INGLEWOOD, CA - SEPTEMBER 03: Signage is seen at The Ultimate Fan Experience, Call Of Duty XP 2016, presented by Activision, at The Forum on September 3, 2016 in Inglewood, California. (Photo by Rich Polk/Getty Images for Activision)

Microsoft has not had a horrible week thus far. Not only has the UK Competition and Markets Authority concluded that it has no problem with the Xbox-maker acquiring Call of Duty, but according to GamesRadar, a California court has dismissed the so-called “Gamers’ Complaint” filed against Microsoft’s acquisition of Activision Blizzard.

Judge dismisses Activision acquisition case

In December of last year, 10 Call of Duty enthusiasts filed the Gamers’ Complaint against Microsoft(opens in a new tab). They stated that Activision was one of “just a handful of independent game publishers in the world capable of producing the highest production quality and most graphics-intensive videogames” and that any consolidation of such firms would have a detrimental effect on videogame users.

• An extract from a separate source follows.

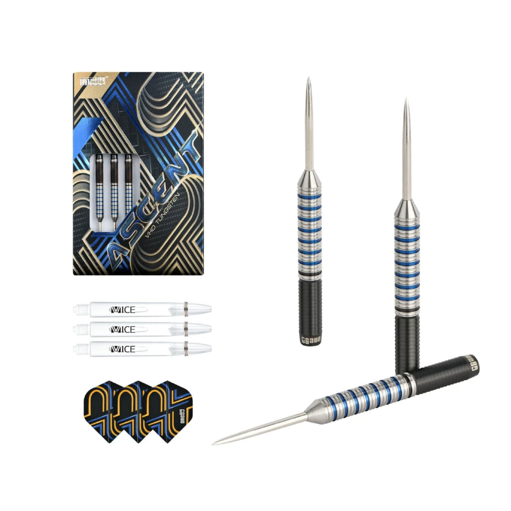 90 % Tungsten Barrel silber, blau, schwarz, Spitzen silber, Schäfte schwarz (Vice, 6 Stk.), Ascent Flights 6,5 mm x 51 mm (22 g), 6,9 mm x 51 mm (24 g) parallel mit Shark (hinteres Drittel) und Ringgrip (vorne)

EA effectively put gamers under governmental control once again.

In addition, they said that Microsoft had lied about not having a motive to limit the availability of Bethesda games prior to its 2021 acquisition of that business, which bodes ill for any similar assurances given about Activision Blizzard titles. I’ll concede that the title “Gamers’ Lawsuit” has the same effect on me as a bucket of ice water on a kitten, but none of those arguments strikes me as completely ridiculous.

I suppose this is why I’m not a judge, as these arguments evidently lack merit in California. In court documents published by Florian Mueller of FOSS Patents on March 20, Judge Jacqueline Corley approved Microsoft’s move to dismiss the action on the grounds that “The Complaint does not credibly claim the combination generates a reasonable possibility of anticompetitive consequences in any significant market.”

In particular, the judge finds that the plaintiff’s argument that the merger may have anticompetitive effects is insufficient on its own because it fails to explain “why” and “how” these effects may occur and because the plaintiff failed to provide “factual allegations that support the conclusory incentive assertion.” In other words, the judge believes that the plaintiffs made multiple unsubstantiated generalizations.

“Is it feasible that Microsoft will make the entire or a portion of Activision’s game library exclusive? Yes. Have the Plaintiffs stated facts that make it reasonable that Microsoft will do so? No, “judge Corley stated.

Judge Corley concludes that the plaintiffs’ arguments were “unpersuasive” and dismisses the case. Nonetheless, the plaintiffs have 20 days (beginning March 20) to re-argue their case. I believe they may be neglected. If this merger is blocked, which becomes less and less likely with each passing week, it likely won’t be due to the efforts of gamers.